Notwithstanding any contrary provision of this Agreement, the Trustee
shall not consent to any amendment to this Agreement unless it shall have
first received an Opinion of Counsel, which opinion shall not be an expense of
the Trustee or the Trust Fund, to the effect that such amendment will not
cause the imposition of any tax on any REMIC or the Certificateholders or
cause any REMIC to fail to qualify as a REMIC at any time that any
Certificates are outstanding.
Promptly after the execution of any amendment to this Agreement
requiring the consent of Certificateholders, the Trustee shall furnish written
notification of the substance or a copy of such amendment to each
Certificateholder and each Rating Agency.
It shall not be necessary for the consent of Certificateholders under
this Section to approve the particular form of any proposed amendment, but it
shall be sufficient if such consent shall approve the substance thereof.
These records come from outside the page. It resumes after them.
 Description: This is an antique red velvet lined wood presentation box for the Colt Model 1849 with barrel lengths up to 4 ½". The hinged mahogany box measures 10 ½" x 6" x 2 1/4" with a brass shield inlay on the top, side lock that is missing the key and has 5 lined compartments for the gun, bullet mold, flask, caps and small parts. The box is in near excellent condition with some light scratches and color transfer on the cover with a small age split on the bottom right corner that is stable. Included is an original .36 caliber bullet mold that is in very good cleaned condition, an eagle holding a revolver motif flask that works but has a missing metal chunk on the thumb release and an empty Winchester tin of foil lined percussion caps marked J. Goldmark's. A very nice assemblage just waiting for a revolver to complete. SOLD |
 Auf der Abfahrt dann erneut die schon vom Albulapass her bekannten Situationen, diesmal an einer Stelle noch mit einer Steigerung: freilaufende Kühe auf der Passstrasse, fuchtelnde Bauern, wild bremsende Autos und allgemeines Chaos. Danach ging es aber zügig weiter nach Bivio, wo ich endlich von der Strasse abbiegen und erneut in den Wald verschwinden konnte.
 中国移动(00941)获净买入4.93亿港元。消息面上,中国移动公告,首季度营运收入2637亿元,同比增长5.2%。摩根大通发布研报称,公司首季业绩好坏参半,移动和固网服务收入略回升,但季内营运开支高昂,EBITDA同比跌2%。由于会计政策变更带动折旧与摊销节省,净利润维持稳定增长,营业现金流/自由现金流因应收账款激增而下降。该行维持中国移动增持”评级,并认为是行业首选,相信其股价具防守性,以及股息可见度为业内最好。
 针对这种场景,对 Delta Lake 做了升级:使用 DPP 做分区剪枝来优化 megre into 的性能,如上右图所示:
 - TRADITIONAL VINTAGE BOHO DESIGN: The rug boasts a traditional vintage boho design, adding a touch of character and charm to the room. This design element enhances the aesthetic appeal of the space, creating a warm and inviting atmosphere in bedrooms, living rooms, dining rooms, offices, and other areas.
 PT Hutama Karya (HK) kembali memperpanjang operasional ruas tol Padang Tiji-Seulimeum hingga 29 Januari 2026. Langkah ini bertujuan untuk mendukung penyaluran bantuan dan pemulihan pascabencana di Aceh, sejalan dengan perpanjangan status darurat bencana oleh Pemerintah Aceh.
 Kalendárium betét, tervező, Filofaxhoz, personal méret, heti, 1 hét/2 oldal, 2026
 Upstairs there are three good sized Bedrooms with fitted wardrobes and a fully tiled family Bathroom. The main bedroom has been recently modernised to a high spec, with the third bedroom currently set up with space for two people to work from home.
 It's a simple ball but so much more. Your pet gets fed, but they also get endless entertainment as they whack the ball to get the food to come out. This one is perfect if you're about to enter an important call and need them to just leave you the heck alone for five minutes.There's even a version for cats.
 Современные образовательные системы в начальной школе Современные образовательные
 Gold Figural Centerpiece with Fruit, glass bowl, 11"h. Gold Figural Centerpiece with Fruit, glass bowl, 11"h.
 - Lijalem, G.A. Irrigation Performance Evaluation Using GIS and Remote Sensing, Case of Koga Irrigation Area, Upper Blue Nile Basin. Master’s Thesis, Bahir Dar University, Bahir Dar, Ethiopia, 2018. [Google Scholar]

The
manner of obtaining such consents and of evidencing the authorization of the
execution thereof by Certificateholders shall be subject to such reasonable
regulations as the Trustee may prescribe.
Nothing in this Agreement shall require the Trustee to enter into an
amendment without receiving an Opinion of Counsel (which Opinion shall not be
an expense of the Trustee or the Trust Fund), satisfactory to the Trustee that
(i) such amendment is permitted and is not prohibited by this Agreement and
that all requirements for amending this Agreement have been complied with; and
(ii) either (A) the amendment does not adversely affect in any material
respect the interests of any Certificateholder or (B) the conclusion set forth
in the immediately preceding clause (A) is not required to be reached pursuant
to this Section 10.01.
SECTION 10.02. Recordation of Agreement; Counterparts.
This Agreement is subject to recordation in all appropriate public
offices for real property records in all the counties or other comparable
jurisdictions in which any or all of the properties subject to the Mortgages
are situated, and in any other appropriate public recording office or
elsewhere, such recordation to be effected by the Master Servicer at its
expense, but only upon direction by the Trustee accompanied by an Opinion of
Counsel to the effect that such recordation materially and beneficially
affects the interests of the Certificateholders.
For the purpose of facilitating the recordation of this Agreement as
in this Agreement provided and for other purposes, this Agreement may be
executed simultaneously in any number of counterparts, each of which
counterparts shall be deemed to be an original, and such counterparts shall
constitute but one and the same instrument.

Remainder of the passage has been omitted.